The queue implementation is LinkedBlockingQueue, which is recommended for this type of problems. If the queue is empty, the consumer will wait 400ms before consuming the queue again.

You know from the samples that Joined Table have a lot of duplicate values. How did this tools map it up into clean, self-contained JSON?

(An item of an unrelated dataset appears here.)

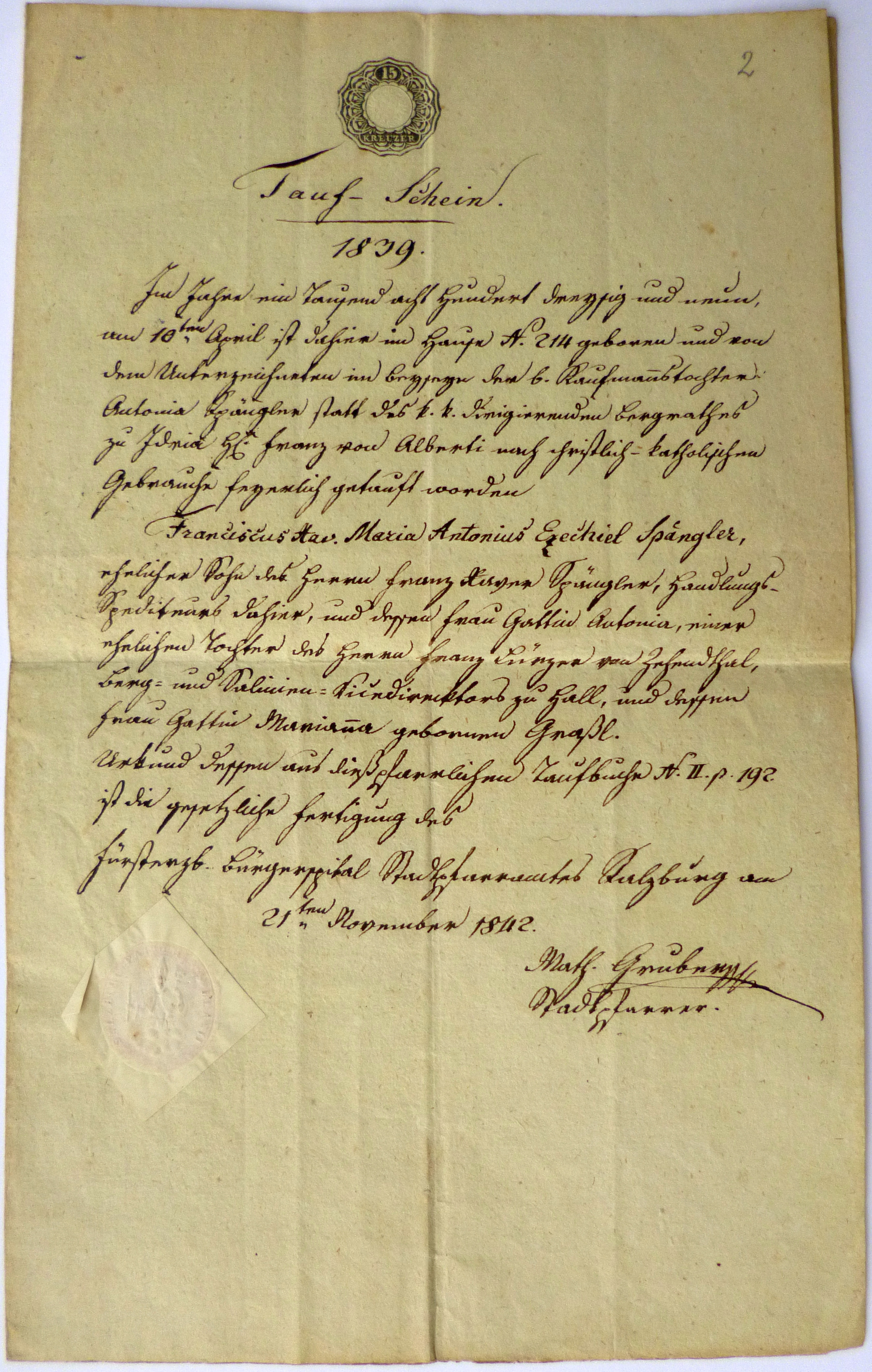 - Taufschein für Franz Spängler, 1839, Abschrift 1842

  1. Get Primary key for each collumn, and find its location in the ResultSet
  2. Since Joined table have alot of duplicate / null value, we need to add a bit more cleaning before adding it to the branch. We'll use each collumn PK information to define wheter this cell's data is unique or not.
  3. Finally, before writting OEM into JSON, we'll delete the duplicate by finding the minimum occurance of duplicate value in the branch. Then, cut the branch using sublist(0, branch.size()/duplicates)

To Do

  • More output stream choices
  • Other DBMS support
  • Recursive Nodes

License

Copyright 2013 Mohammad Shahrizal Prabowo

Licensed under the Apache License, Version 2.0 (the "License"); you may not use this file except in compliance with the License. You may obtain a copy of the License at

   http://www.apache.org/licenses/LICENSE-2.0

Unless required by applicable law or agreed to in writing, software distributed under the License is distributed on an "AS IS" BASIS, WITHOUT WARRANTIES OR CONDITIONS OF ANY KIND, either express or implied. See the License for the specific language governing permissions and limitations under the License.